*** Data extract Section Begins ***

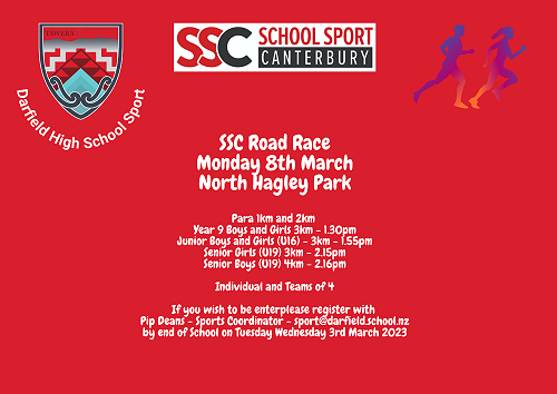 28th Sun - Southern Schools Cross Country Timaru 2023 Year 7-13 students - Ashbury Park - Prior to NZSS - see Pip for more info
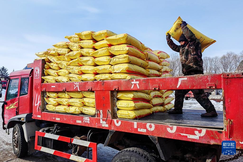 北大荒集團(tuán)五大連池農(nóng)場科技服務(wù)中心工人在裝運(yùn)肥料(2月16日攝)。新華社發(fā)(陸文祥 攝)
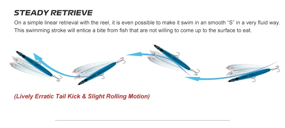 Durante la fase de hundimiento, el señuelo tiene una acción oscilante seductora y brilla sobre la gota, imitando naturalmente a un pez cebo moribundo y llamando la atención del atún desde considerable distancia.
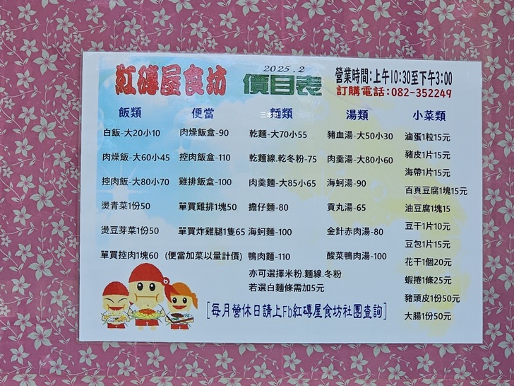【金門‧金沙食記】紅磚屋食坊~午餐~營業時間、訂購電話、最新菜單價目表、公車及交通資訊

*** Data extract Section Ends ***

■ **What the task asks**
Give back, exactly as written, the lines from the top of the material through the line with "Durante la fase", ends included and pictures left aside.

■ **Answer section**
 28th Sun - Southern Schools Cross Country Timaru 2023 Year 7-13 students - Ashbury Park - Prior to NZSS - see Pip for more info
 北大荒集團(tuán)五大連池農(nóng)場科技服務(wù)中心工人在裝運(yùn)肥料(2月16日攝)。新華社發(fā)(陸文祥 攝)
 Durante la fase de hundimiento, el señuelo tiene una acción oscilante seductora y brilla sobre la gota, imitando naturalmente a un pez cebo moribundo y llamando la atención del atún desde considerable distancia.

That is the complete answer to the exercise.